■ What to do
Using the listing below, output only the lines from the one that contains "Лимониум – 10" through the one that contains "Girls Bicycle Tapestry", inclusive, exactly as given and without images.
==== Material for this exercise ====
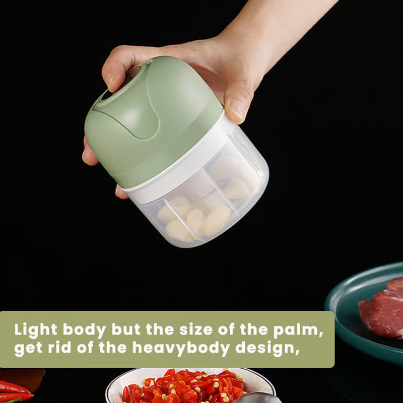 Portable USB Charging: The electric garlic chopper has a USB charging port. The socket has a silicone protective cover. This is a lightweight and practical kitchen tool suitable for home and outdoor.
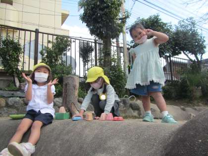 昨日の遊びの続きをしよう,と思っていた子どもたちが,今日も園庭で遊びました。今日はトンネルの上に,砂場でつくったごちそうを動物たちのご飯として運んだり,総合遊具の上で友達と一緒にごちそうを食べたりしていました。
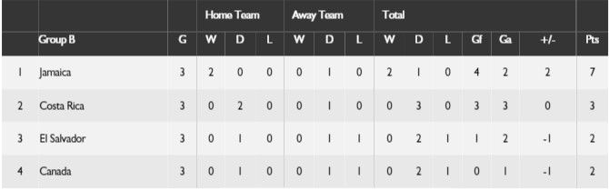 Costa Rica sumó su tercer empate del torneo y esto le alcanzó para avanzar a la siguiente como segundo lugar del Grupo B al registrar tres puntos. Jamaica ocupa el primer lugar con siete unidades. Mientras que El Salvador queda con dos y espera lo que suceda en el Grupo C para ver si se mantiene con vida. Canadá fue eliminado.
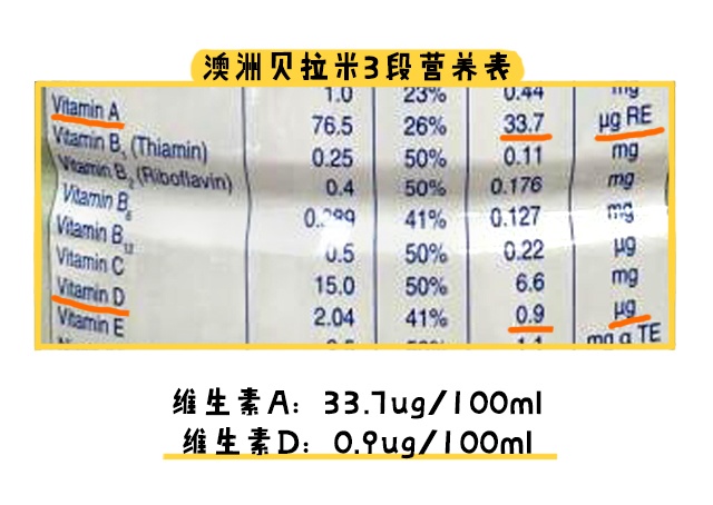 貝拉米3段的維生素A和維生素D含量均低于國標的最低標準。其中維生素A含量是33.7ug/100ml,換算成千焦為單位是11.31ug/100kj ,國標最低標準是18ug/100kj,維生素D含量是0.9ug/100ml,換算后是0.18ug/100kj,而國標最低標準是 0.25ug/100kj。
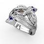 Dumanlı kuvars ve lab safir 14 ayar beyaz altın yüzük
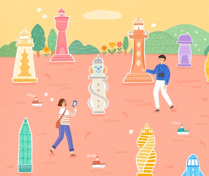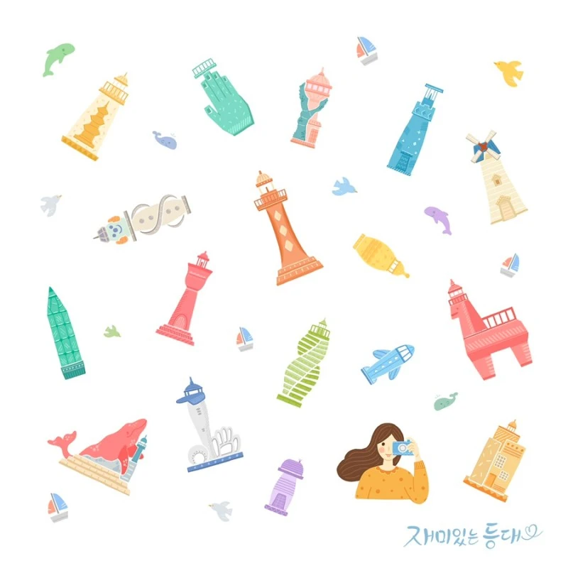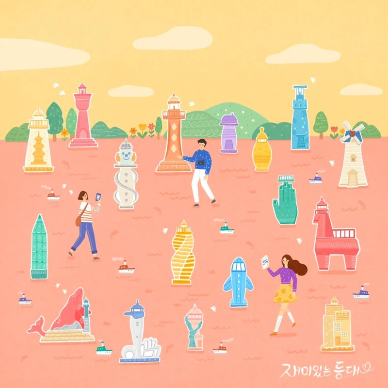 파스텔톤의 사랑스러운 느낌으로 등대를 그렸어요. 이 일러스트는 재미있는 등대 17곳을 담았어요. 등대를 바라보며 사진을 찍는 모습도 그림으로 담았어요.
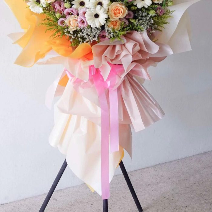 Лимониум – 10 шт.Солидаго – 10 шт.Роза – 15 шт.Эустома – 10 шт.Подставка – 1 шт.Упаковка дизайнерская – 7 шт.Оазис флористический – 6 шт.герберы – 10 шт.
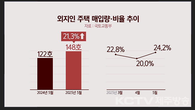 지난 5월 외지인의 도내 주택 매입량은 지난해 같은 달보다 21.3% 늘었습니다.
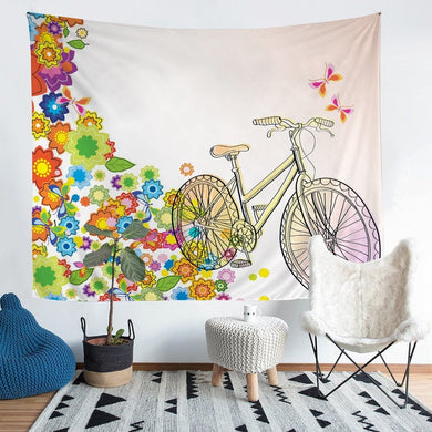 Girls Bicycle Tapestry Girly Floral Flowers Pattern Wall Hanging for Kids Children Women Chic Butterfly Wall Blanket Breathable Colorful Botanical Wall Art Room Decor Sofa Cover
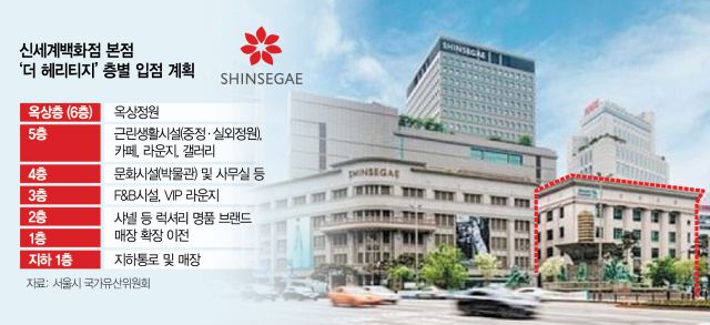 신세계는 더 헤리티지의 내·외부 인테리어를 이름에 걸맞게 문화재 원형을 그대로 간직하는 방향으로 설계했다. 사업 관계자는 “(내부 인테리어의 경우) 당초 원형이 훼손된 부분들을 전 층에 걸쳐서 다 원형을 회복했다”며 “외부도 변이 없이 보존하는 것으로 현상 변경 승인이 됐다”고 밝혔다.
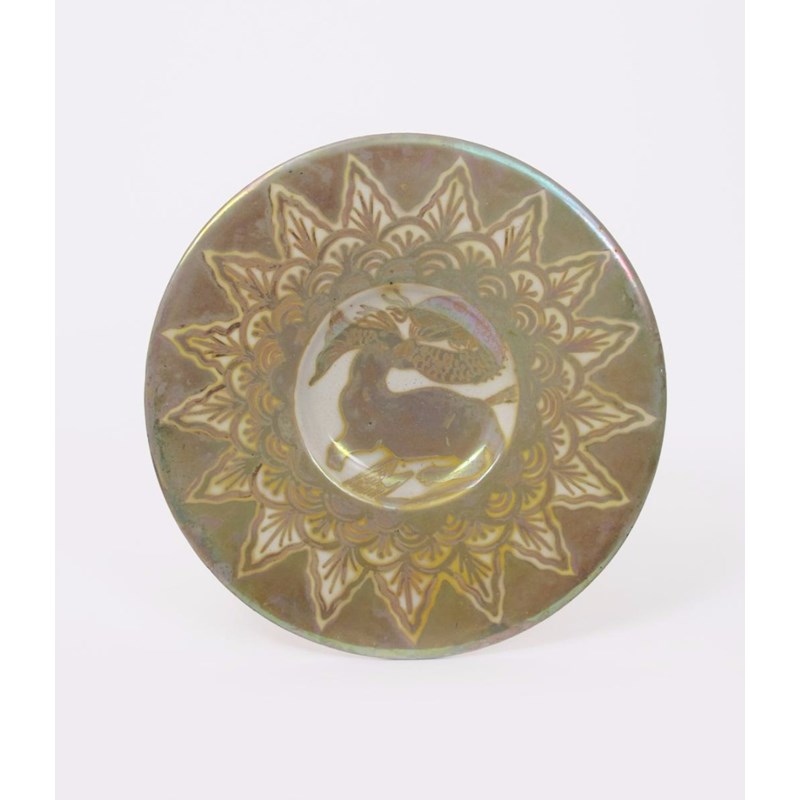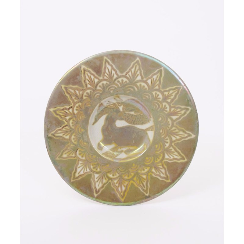 A William De Morgan Pottery charger, on John Heath Davis blank, painted to the well with an otter holding a huge fish in its mouth, the rim with radiating foliate design, in golden lustre, impressed J H Davis mark 30.5cm. diam.
====
■ Answer area
 Лимониум – 10 шт.Солидаго – 10 шт.Роза – 15 шт.Эустома – 10 шт.Подставка – 1 шт.Упаковка дизайнерская – 7 шт.Оазис флористический – 6 шт.герберы – 10 шт.
 지난 5월 외지인의 도내 주택 매입량은 지난해 같은 달보다 21.3% 늘었습니다.
 Girls Bicycle Tapestry Girly Floral Flowers Pattern Wall Hanging for Kids Children Women Chic Butterfly Wall Blanket Breathable Colorful Botanical Wall Art Room Decor Sofa Cover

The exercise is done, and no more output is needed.